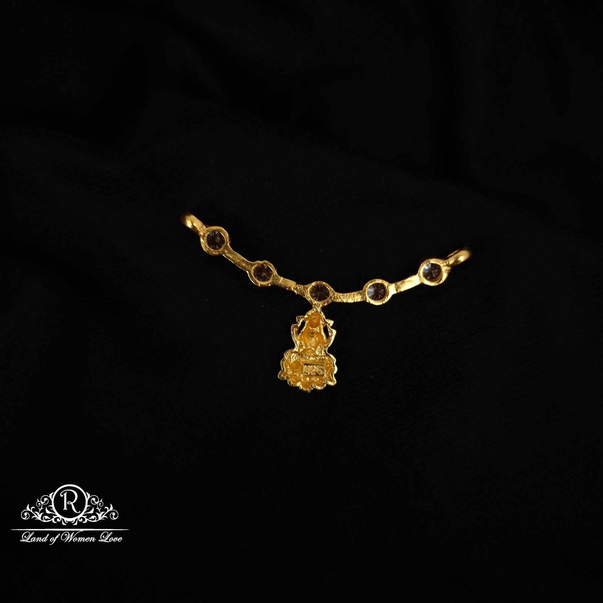 92.5 silver with gold polish light weight mala locket lakshmi devi with white stone combination 0.8 incjhes length desgin by ramala collection
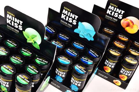 Sada 12 ks mátové osvěžující pastilky bez cukru MINT KISS, peppermint, 28 g x 12.
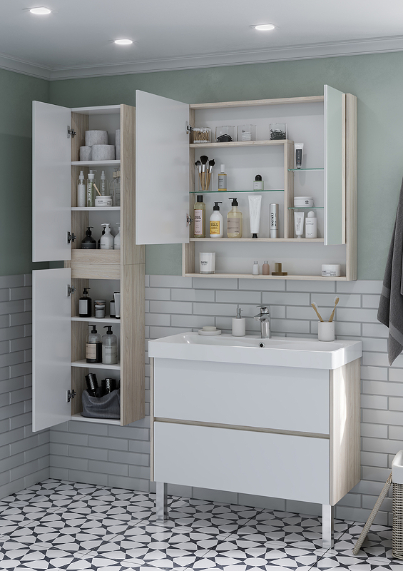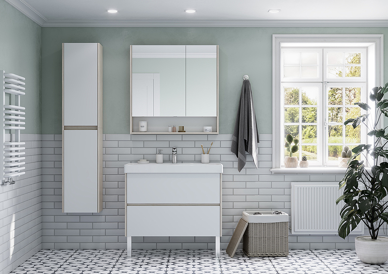 Шкаф зеркальный Aquaton Сканди 90 Белый/Дуб Верона (1A252302SDB20)
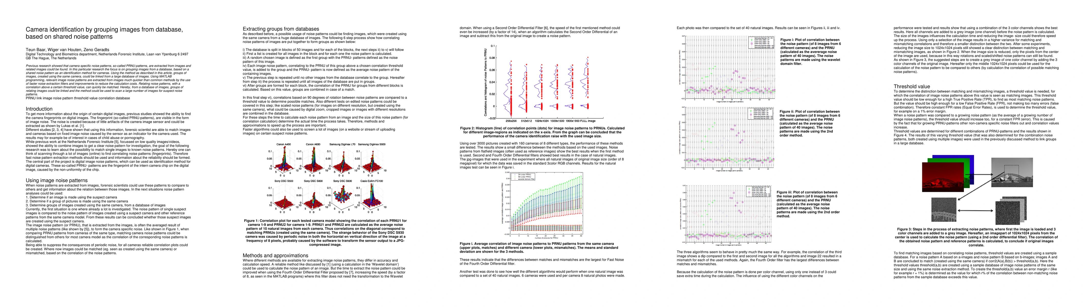 Previous research showed that camera specific noise patterns, so-called PRNU-patterns, are extracted from images and related images could be found. In this particular research the focus is on grouping images from a database, based on a shared noise pattern as an identification method for cameras. Using the method as described in this article, groups of images, created using the same camera, could be linked from a large database of images. Using MATLAB programming, relevant image noise patterns are extracted from images much quicker than common methods by the use of faster noise extraction filters and improvements to reduce the calculation costs. Relating noise patterns, with a correlation above a certain threshold value, can quickly be matched. Hereby, from a database of images, groups of relating images could be linked and the method could be used to scan a large number of images for suspect noise patterns.
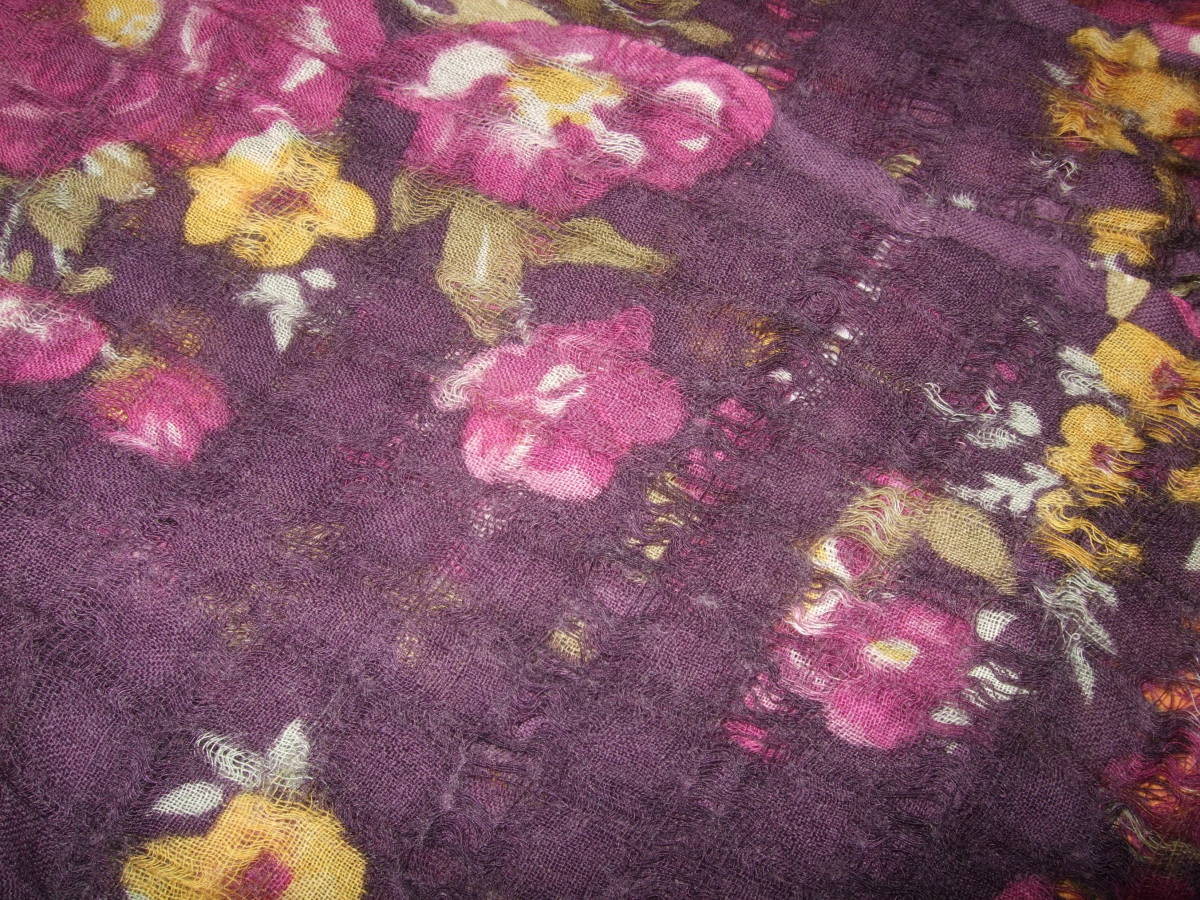 使用状況:使用品ですが、良好、ただ繊細なものですので、多少の糸の出などはご了解ください。華やかなパープルで、マフラー代わりにもなります。
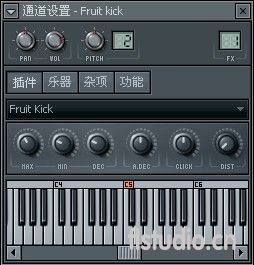 Fruit Kick 是一个简单的底鼓合成器。底鼓声音由简单的正弦波波形合成,并具有一个快速打开音量包络和一个快速降落初始音高,并且允许调整这些参数。
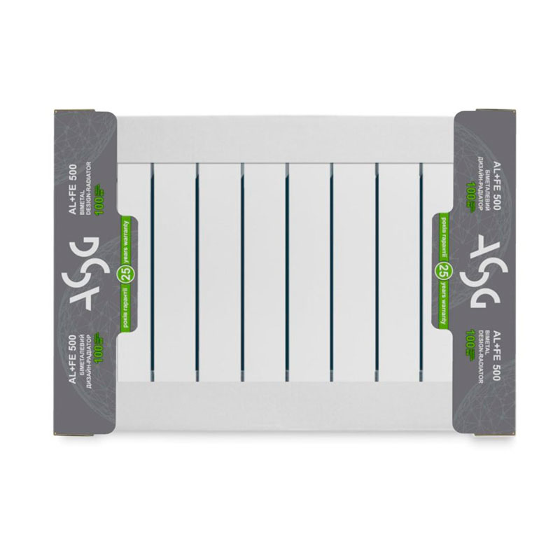 Дизайнерські радіатори ASG з біметалу підходять для будь-яких систем опалення, тому що витримують найвищий тиск у 30 атмосфер. Представлена батарея виготовлена на українському заводі на сучасному обладнанні з якісних сертифікованих матеріалів (стандарт якості ENAB46100). Виробник гарантує роботу приладу більше 50 років.
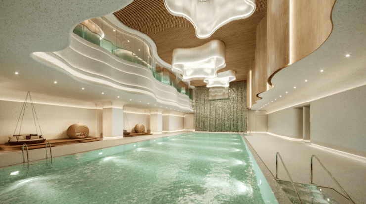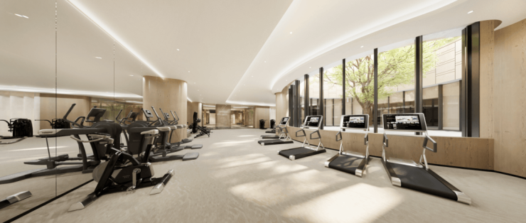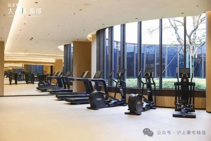两层挑高的泳池,满屏的“弧形”元素与建筑设计呼应,顶部的采光设计让阳光自然洒落,游泳时仿佛置身于“别有洞天”的艺术空间;景观健身房则采用通透设计,将室外园林景观引入室内,运动时也能与自然保持亲近。
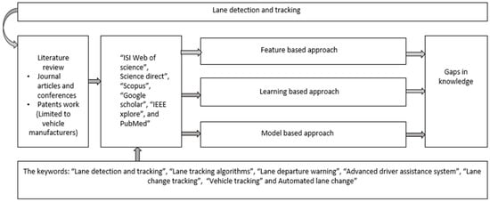 Literature was gathered from the electronic database. The database included “ISI Web of Science”, “Science Direct” “Scopus” “Google Scholar” and “IEEE Xplore”. The keywords used for the search were “Lane detection algorithms”, “Lane tracking algorithms”, “Lane departure warning algorithms”, “Advanced driver assistance system”, “Lane change tracking”, “Vehicle tracking”, Vehicle tracking sensors”, and “Automated lane change” or a combination of these words (Figure 1). We also searched for patented works. Patents published from 2006 to 2020 were also searched using the term “Lane detection and tracking,” “Lane departure warning,” and “Advance driver assistance system” using the “Google scholar” and “PubMed”. As mentioned in Section 1.1, the objective of patents search is to acknowledge growing commercialisation interests in this field of study rather than a detailed review of the patented works. As such, only a sample of patents works from vehicle manufacturers was discussed. The period studied for the literature is the past two decades, as lane tracking and detection is an emerging field that has gained momentum post-2000. English language-based publications were only considered for the review as they are widely accessible to global readers. Relevant publications further improved the search procedure in the reference lists available in the collected literature. The lane detection and tracking algorithms were investigated under three approaches that have been commonly referred to in the literature (Features based, learning-based and model-based as shown in Figure 1). The existing databases were analyzed to identify the availability of datasets for future research. The lane detection criteria, calculation of the detection rate and accuracy of the algorithms that have been adopted in the literature are also reviewed.
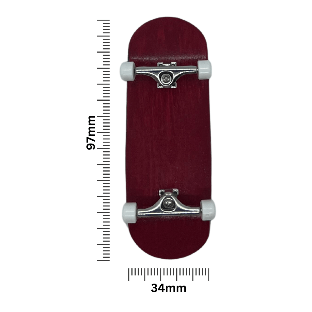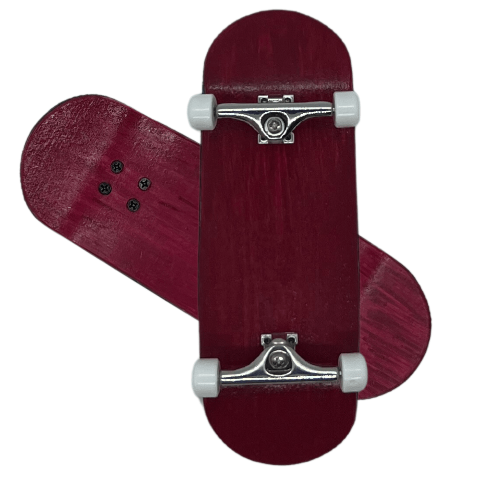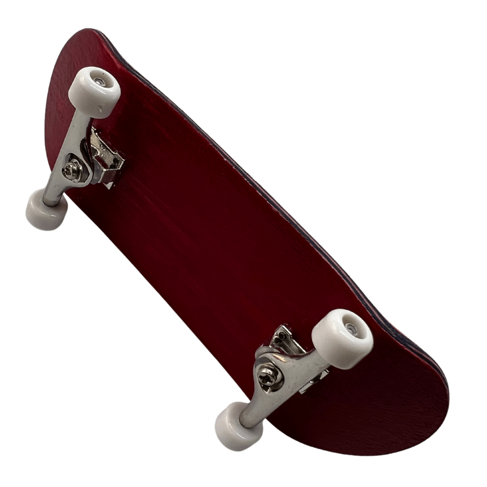 ‘Red’ Artist Professional Handmade Fingerboard 34mm x 97mm complete with steel trucks and urethane bearing wheels and red hand dyed deck.
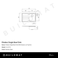Oliveri Flinders Single Bowl Sink With Left Drainboard and Taphole Stainless Steel
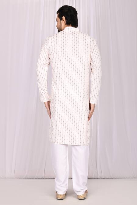 White Cotton Printed Striped Kurta Set
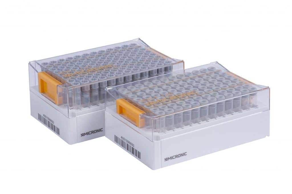 1.40ml 2D Data-Matrix coded Screw Cap tubes with Internal Thread U-bottom precapped with Grey Low Profile Screw Cap in Micronic 96-4 Rack with low cover (Barcoded A1-H1 side), 4 x 10 Racks
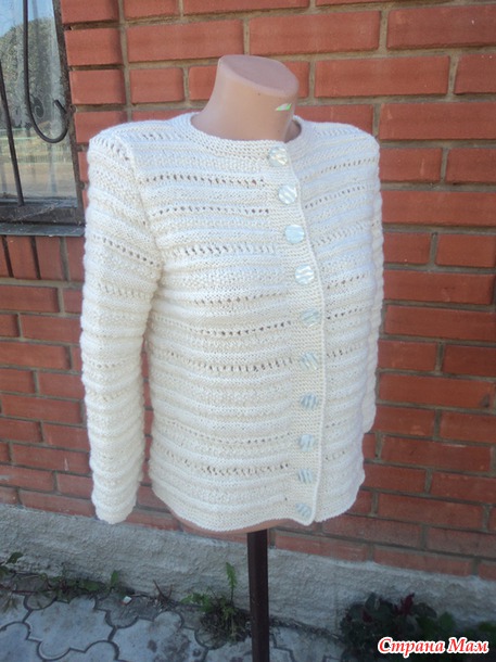 Красивая кофточка, мне она тоже очень нравиться. Кстати сегодня закончила для своей дочурки, правда пришлось чуть дополнить ее, так как сделала ошибку, пропарив изделие.

┄┄┄┄┄┄┄┄┄┄

#### PROBLEM TO SOLVE:
Copy out every line of the data exactly, leaving the images behind.

#### RESULT FOR THIS EXERCISE:
 92.5 silver with gold polish light weight mala locket lakshmi devi with white stone combination 0.8 incjhes length desgin by ramala collection
 Sada 12 ks mátové osvěžující pastilky bez cukru MINT KISS, peppermint, 28 g x 12.
 Шкаф зеркальный Aquaton Сканди 90 Белый/Дуб Верона (1A252302SDB20)
 Previous research showed that camera specific noise patterns, so-called PRNU-patterns, are extracted from images and related images could be found. In this particular research the focus is on grouping images from a database, based on a shared noise pattern as an identification method for cameras. Using the method as described in this article, groups of images, created using the same camera, could be linked from a large database of images. Using MATLAB programming, relevant image noise patterns are extracted from images much quicker than common methods by the use of faster noise extraction filters and improvements to reduce the calculation costs. Relating noise patterns, with a correlation above a certain threshold value, can quickly be matched. Hereby, from a database of images, groups of relating images could be linked and the method could be used to scan a large number of images for suspect noise patterns.
 使用状況:使用品ですが、良好、ただ繊細なものですので、多少の糸の出などはご了解ください。華やかなパープルで、マフラー代わりにもなります。
 Fruit Kick 是一个简单的底鼓合成器。底鼓声音由简单的正弦波波形合成,并具有一个快速打开音量包络和一个快速降落初始音高,并且允许调整这些参数。
 Дизайнерські радіатори ASG з біметалу підходять для будь-яких систем опалення, тому що витримують найвищий тиск у 30 атмосфер. Представлена батарея виготовлена на українському заводі на сучасному обладнанні з якісних сертифікованих матеріалів (стандарт якості ENAB46100). Виробник гарантує роботу приладу більше 50 років.
两层挑高的泳池,满屏的“弧形”元素与建筑设计呼应,顶部的采光设计让阳光自然洒落,游泳时仿佛置身于“别有洞天”的艺术空间;景观健身房则采用通透设计,将室外园林景观引入室内,运动时也能与自然保持亲近。
 Literature was gathered from the electronic database. The database included “ISI Web of Science”, “Science Direct” “Scopus” “Google Scholar” and “IEEE Xplore”. The keywords used for the search were “Lane detection algorithms”, “Lane tracking algorithms”, “Lane departure warning algorithms”, “Advanced driver assistance system”, “Lane change tracking”, “Vehicle tracking”, Vehicle tracking sensors”, and “Automated lane change” or a combination of these words (Figure 1). We also searched for patented works. Patents published from 2006 to 2020 were also searched using the term “Lane detection and tracking,” “Lane departure warning,” and “Advance driver assistance system” using the “Google scholar” and “PubMed”. As mentioned in Section 1.1, the objective of patents search is to acknowledge growing commercialisation interests in this field of study rather than a detailed review of the patented works. As such, only a sample of patents works from vehicle manufacturers was discussed. The period studied for the literature is the past two decades, as lane tracking and detection is an emerging field that has gained momentum post-2000. English language-based publications were only considered for the review as they are widely accessible to global readers. Relevant publications further improved the search procedure in the reference lists available in the collected literature. The lane detection and tracking algorithms were investigated under three approaches that have been commonly referred to in the literature (Features based, learning-based and model-based as shown in Figure 1). The existing databases were analyzed to identify the availability of datasets for future research. The lane detection criteria, calculation of the detection rate and accuracy of the algorithms that have been adopted in the literature are also reviewed.
 ‘Red’ Artist Professional Handmade Fingerboard 34mm x 97mm complete with steel trucks and urethane bearing wheels and red hand dyed deck.
Oliveri Flinders Single Bowl Sink With Left Drainboard and Taphole Stainless Steel
 White Cotton Printed Striped Kurta Set
 1.40ml 2D Data-Matrix coded Screw Cap tubes with Internal Thread U-bottom precapped with Grey Low Profile Screw Cap in Micronic 96-4 Rack with low cover (Barcoded A1-H1 side), 4 x 10 Racks
 Красивая кофточка, мне она тоже очень нравиться. Кстати сегодня закончила для своей дочурки, правда пришлось чуть дополнить ее, так как сделала ошибку, пропарив изделие.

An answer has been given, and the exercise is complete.